Nada de esto ha servido frente a una sequía extrema provocada por el fenómeno de El Niño. Una sequía que, en sus inicios, se asumía como poco probable que fuera tan violenta, con una probabilidad de 1 entre 1.000. Pero que, mes tras mes, temporada de lluvias tras temporada de lluvias, se ha ido recrudeciendo, y las medidas para conseguir más agua por parte de las instituciones ya no llegarán a tiempo de evitar el «Día Cero», quedando a expensas de la meteorología. Entre estas medidas se encuentran dos que son abiertamente criticadas por la comunidad de expertos en gestión hídrica. Actualmente, el Ayuntamiento de Ciudad del Cabo ha puesto en marcha la construcción de desali-nizadoras, las cuales no solo no evitarán el «Día Cero», sino que además encarecerán el precio del agua, haciendo que en momentos de abastecimiento normalizado, sean infraestructuras inservibles. Por otra parte, el Ayuntamiento ha puesto en marcha una política de búsqueda de nuevos acuíferos, buscando un agua que no existe para poder seguir caminando hacia el precipicio, se rebase o no el «Día Cero».

La crisis del agua afecta a todas las capas sociales. En la imagen, vecino del barrio residencial de Newlands Spring hacen cola para llenar garrafas con el preciado líquido elemento. Foto: Getty.

Un problema político

Y es que el problema del agua en Ciudad del Cabo ha sido y es político, no técnico. Es necesaria la voluntad de abordar la gestión de los recursos reconociendo que el cambio climático es una realidad, cuyos impactos ya provocaron sequías similares en Australia, São Paulo o California. Y que ninguna ciudad del mundo queda exenta de estos episodios, debiendo controlar su crecimiento y desarrollo, encauzándolo de manera sostenible. Ciudad del Cabo, por ejemplo, ha pasado a tener un 80 por ciento más de población en solo 20 años, al tiempo que la capacidad de las presas solo aumentaba un 15 por ciento.

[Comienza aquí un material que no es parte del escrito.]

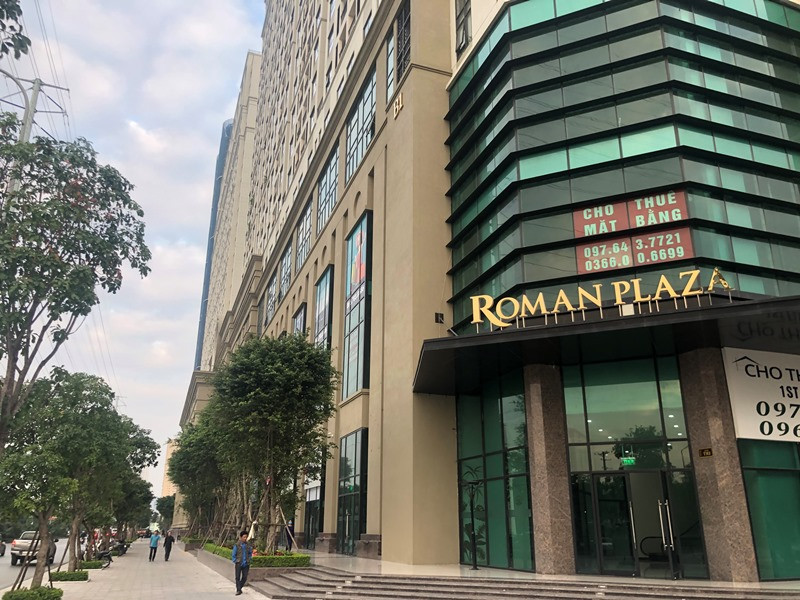 Hệ thống các tòa nhà cao tầng Roman Plaza là một trong những chuỗi cao ốc có mặt tiền tiếp giáp trực tiếp vỉa hè, không còn hàng lang hoặc khoảng không giữa đường và công trình cao tầng.
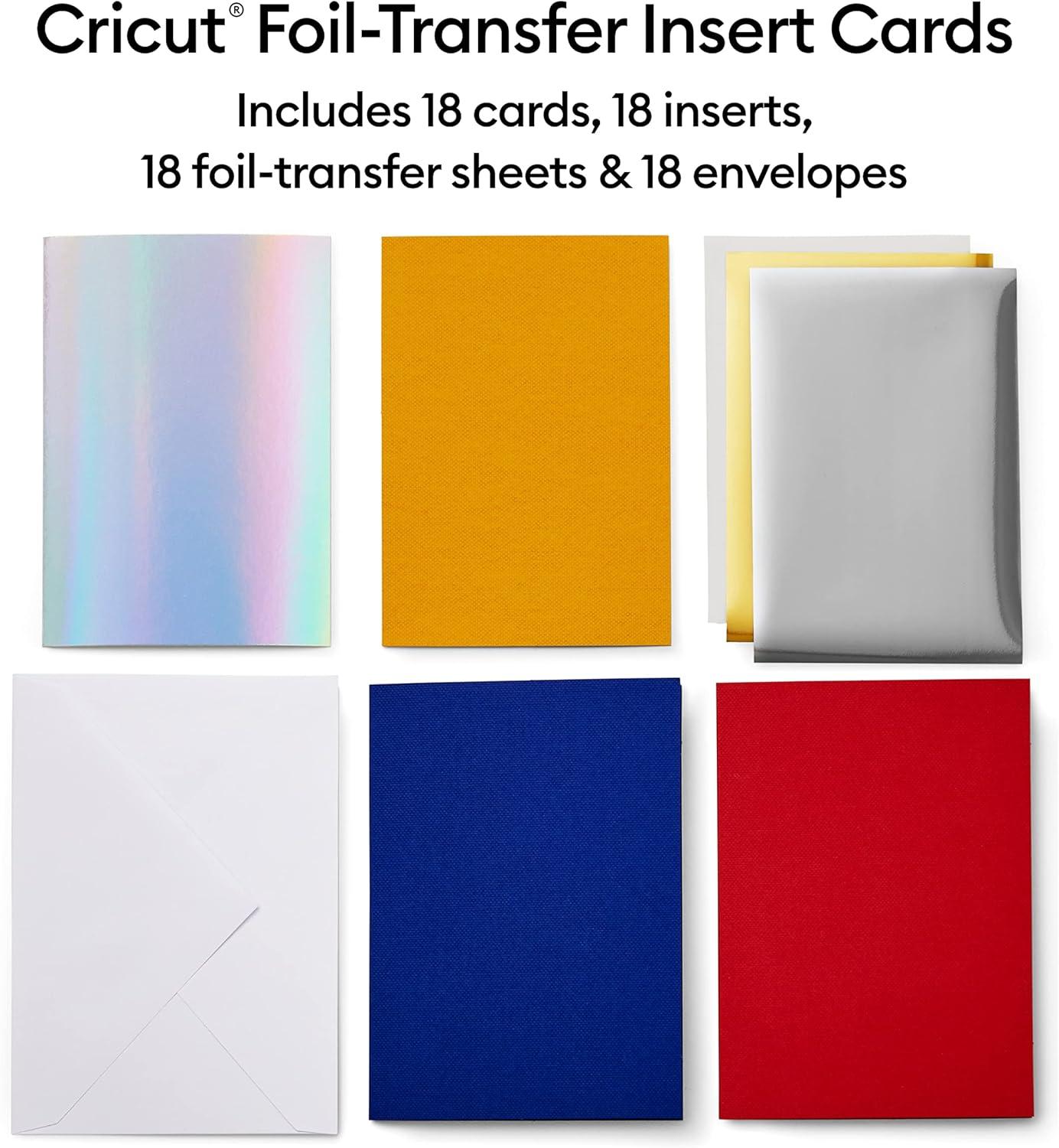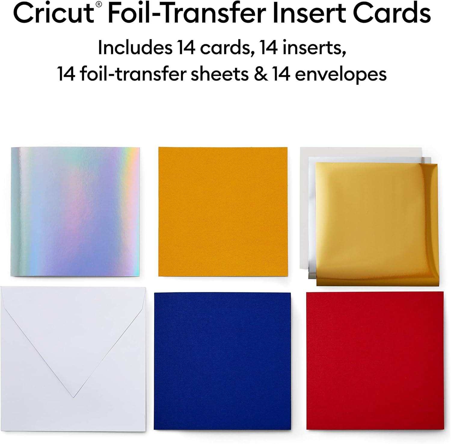 FUN & VERSATILE CARD-MAKING – Customize thank you cards, birthday cards or invites with the Cricut Foil Transfer Insert Cards – Celebration Sampler (S40). Includes shimmery easy-release foil transfer sheets allowing you to create any design of your choice
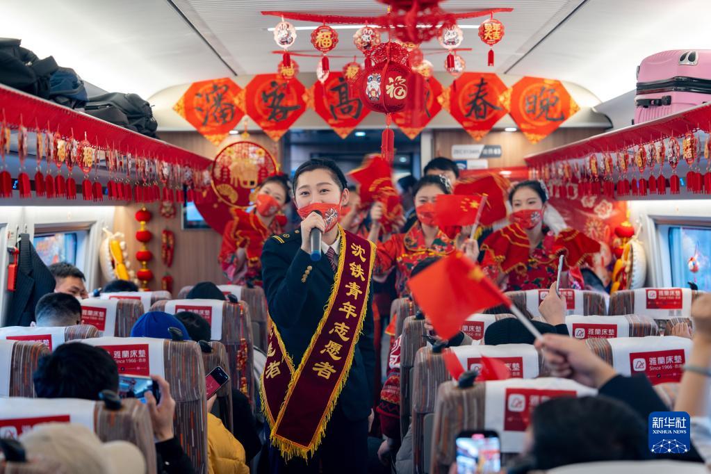1月13日,在丹東開(kāi)往上海虹橋的G1230次列車(chē)上,列車(chē)乘務(wù)人員為旅客準備了一場(chǎng)熱鬧的高鐵聯(lián)歡會(huì ),在歡歌笑語(yǔ)中迎接農歷小年。
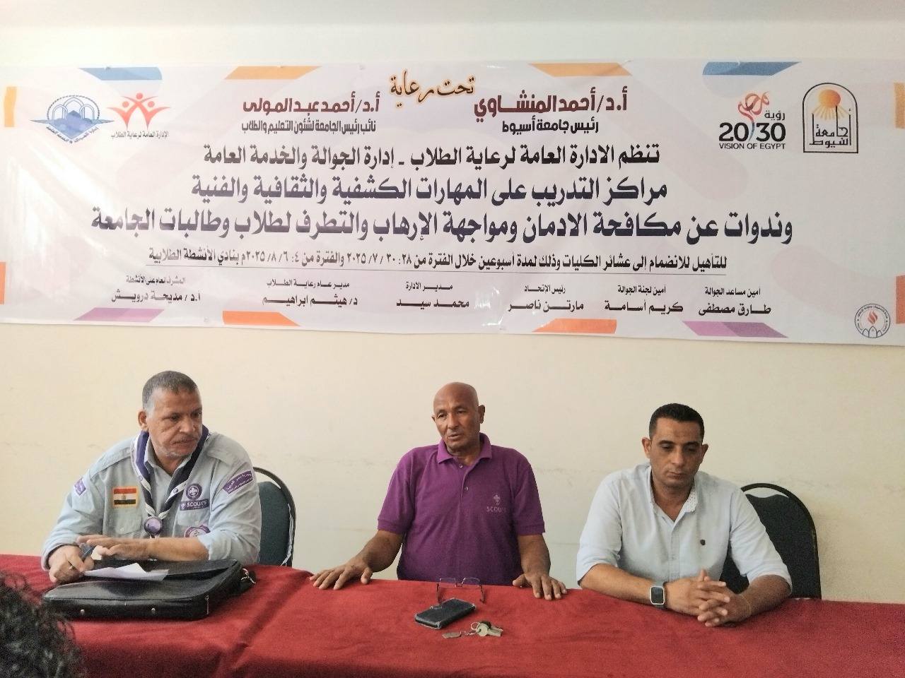 افتتحت اليوم إدارة الجوالة والخدمة العامة الدورة الكشفية الأولى بمركز التدريب على المهارات الكشفية والثقافية والفنية فى الفترة من ٢٨ _ ٣٠ /٢٠٢٥

Pero frente a la realidad, el ámbito político ha impuesto su torpeza. Ciudad del Cabo está gobernada por la principal fuerza opositora en el país, la Alianza Democrática (AD), la cual, además, gobierna la región. Frente a la crisis, la alcaldesa de la ciudad, Patricia De Lille, ha quedado desautorizada por el líder de AD, Mmusi Maimane, que se ha autonombrado persona responsable ante la crisis a pesar de que solo es diputado nacional. Los límites de la democracia y de las instituciones quedan completamente traspasados, al confundirse administración y partido político.

A este coctel, se ha sumado la ex alcaldesa y actual presidenta regional de AD, Helen Zille, quien ha hecho un relato del «Día Cero» lleno de visiones apocalípticas llamando a la militarización de los recursos para evitar la anarquía. Un relato que, como señalan diversos analistas, solo refleja la visión de la élite de la ciudad, temerosa de perder sus privilegios y sus reservas particulares frente a la capacidad de un fenómeno como el del cambio climático que nos equipara a todos y a todas.